By John M. Higgins -- Broadcasting & Cable, 10/23/2005 8:00:00 PM
Look across the CEO suites of America's media giants, and you'll largely find moguls who grew up in the business. Either they were raised in the industry, or media has been their chosen lifelong career and they spent years rising through the ranks.
A major exception is Dick Parsons. Before arriving just a decade ago at what would become the world's largest media company, Parsons had three careers: in politics, law and banking.
He pulls on all three of those past lives as he continues the monumental task of reigniting the Time Warner powerhouse that lost its way in a disastrous merger with America Online and the accompanying accounting scandal.

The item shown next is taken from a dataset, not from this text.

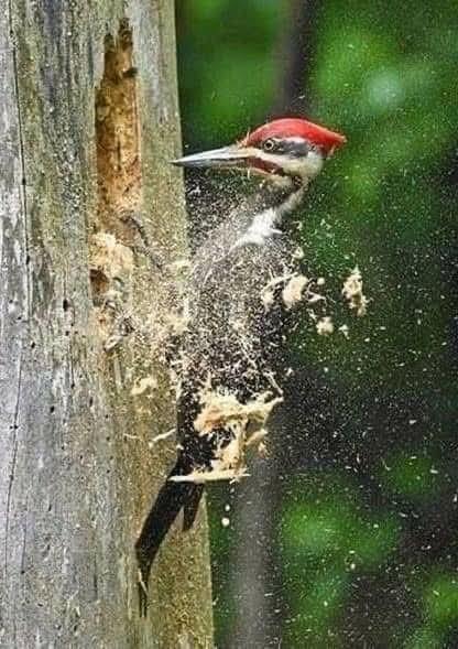 💥ภาพจังหวะที่น่าทึ่งมากของ "นกหัวขวาน" ที่กำลังเจาะไม้ด้วยความเร็วสูง
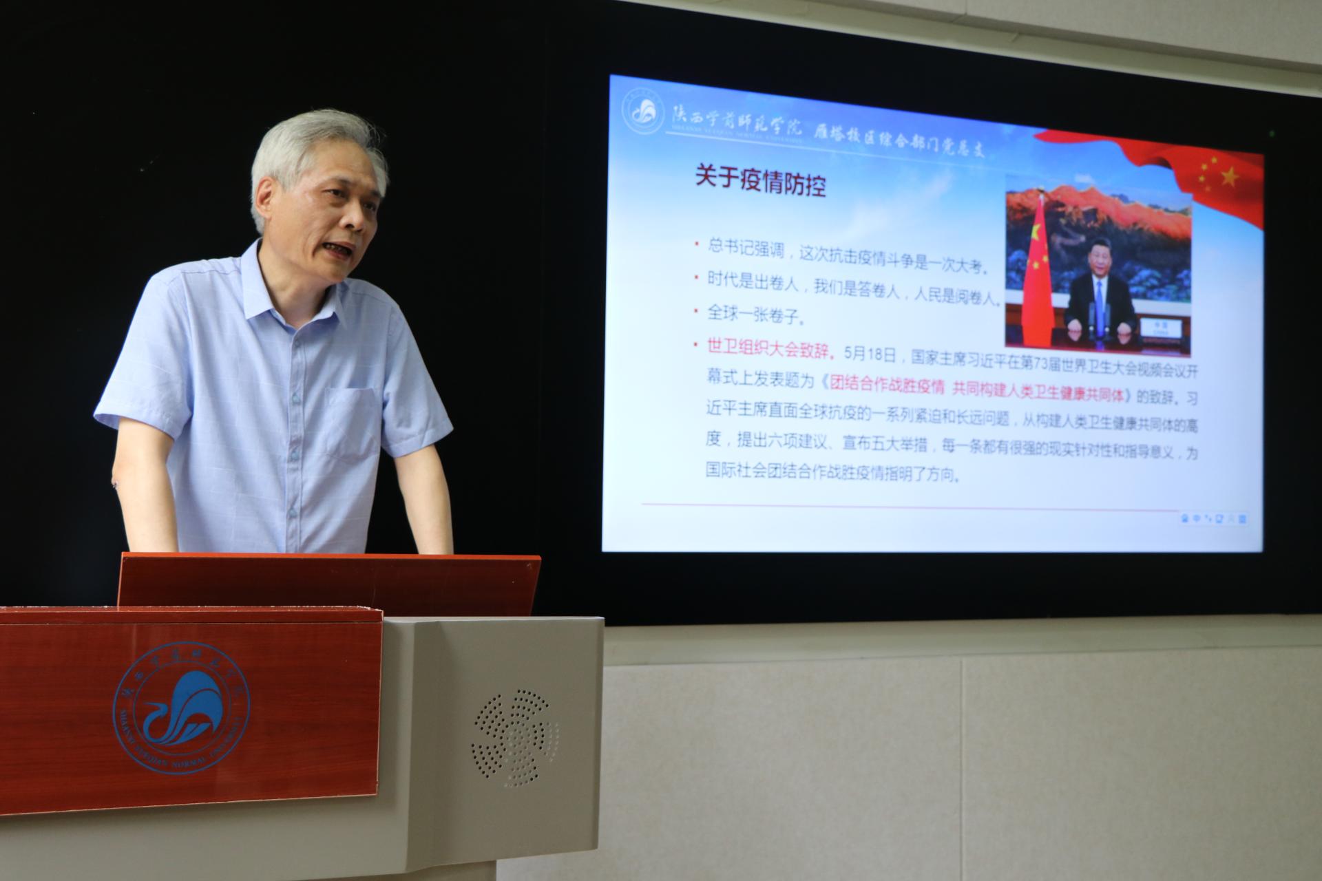 王奂新在讲课中传达了校党委《关于学习宣传贯彻习近平总书记来陕考察重要讲话精神的通知》(陕师院党〔2020〕10 号),紧紧围绕习近平总书记对陕西发展提出的总体目标和五项要求,对照总书记2015年对陕西工作提出的“五个扎实”要求,结合学校和党总支工作实际,谈了个人的学习感想与体会。

He's more than halfway there, having put out the worst of the AOL fires while keeping the company's traditional media units—cable systems, networks, movies and magazines—from going off track.
Now, Parsons, 57, needs to figure out how to broaden AOL beyond its core dial-up Internet- access business, keep expanding Time Warner's cable systems, and maintain the dominance of cable networks HBO, TNT and TBS as gains from subscriber growth are fading.
Parsons considers his relatively recent entry into media an asset. “It always helps to have not just an insider's perspective but an outsider's perspective,” he says. CEOs who grew up in the business—News Corp.'s Rupert Murdoch, Viacom's Sumner Redstone and Disney's recently departed Michael Eisner—“probably have a deeper understanding of the workings of these businesses. I probably pull equal to them when I look at our external constituencies, customers and government.”
Parsons' varied career has given him a view from many sides of business. Rather than jumping into politics after law school, politics jumped at him when his top score on the state bar exam caught the eye of Gov. Nelson Rockefeller. It was a much different entry into the New York state governor's sphere than his family's initial stint: Parsons' grandfather once served as a groundskeeper at the Rockefeller compound.
Parsons served as first assistant general counsel, then followed Rockefeller to the White House when Gerald Ford tapped the governor as vice president. Parsons served as associate director of the domestic council in the Ford administration.
In 1977, Parsons joined New York law firm Patterson Belknap Webb & Tyler, where he eventually became managing partner. In 1988, he jumped to Dime Bancorp, a major New York savings bank struggling under the burden of too many bad commercial real estate loans. In 1991, Parsons became CEO.
Four years later, Time Warner CEO Jerry Levin turned to him to be his number two, president of the media giant. Parsons certainly had close ties to the company: He had joined the board of the company's 82%-owned American Television & Communications subsidiary in 1989 and the board of Time Warner itself in 1991.
But Levin's move was a surprise at the time because Parsons would be a COO who had no media operations experience. Nevertheless, he thrived.
In an unusual approach in a TV and movie company, he took the tack of quiet leadership by building—or sometime imposing—cooperation among Time Warner's often feuding fiefdoms. From his past, Parsons has taken key observations that helped him build a more cohesive company.
From his political side, he explains, “there was the recognition of how powerful the government really is.” No doubt reflecting on the lengthy criminal and securities investigation into AOL, he adds, “There is, in many respects, no accountability. [The government] can commit troops to the field, resources to the field forever. In dealing with the government, you're always outmatched.”
From his legal practice, Parsons learned to be precise and careful in his work, and he got a glimpse into the operations of many businesses.
From banking, Parsons learned to focus on consumers. Even multibillion-dollar banks are lost if they do not focus on myriad contacts with individual customers, from every time they write a check to whenever they need a small loan.
That's important to remember as technological changes sweep the media industry.
“People are telling me about this technology and that technology and how the whole business is going to change in three days,” says Parsons. “That's not necessarily true because the one thing that doesn't change quickly is consumer behavior.”
Even as he showed his business savvy, it seemed that Parsons might be shortchanged after Time Warner sold out to America Online in 2001. AOL Chairman Steve Case and his COO Bob Pittman appeared to control the destiny of the combined companies. Then the Internet boom crashed, and AOL's myriad accounting scandals made clear that the company was falsely pumping up its value.
Case, Levin and Pittman were all dealt out of the company. Time Warner needed a savior, and Parsons was tapped as the executive best equipped to rescue it.
In the midst of the reconstructing the corporation, Parsons dismisses the trend of giant companies' trying to shrink by spinning off assets. That's the path Viacom and Liberty Media are on, and activist investor Carl Ichan thinks Time Warner should follow.
But Parsons thinks that shrinking reduces a company's international clout and makes it more difficult to adapt to shifts in technology. “Scale players are going to have an advantage,” he says. “Big is going to be better than small.”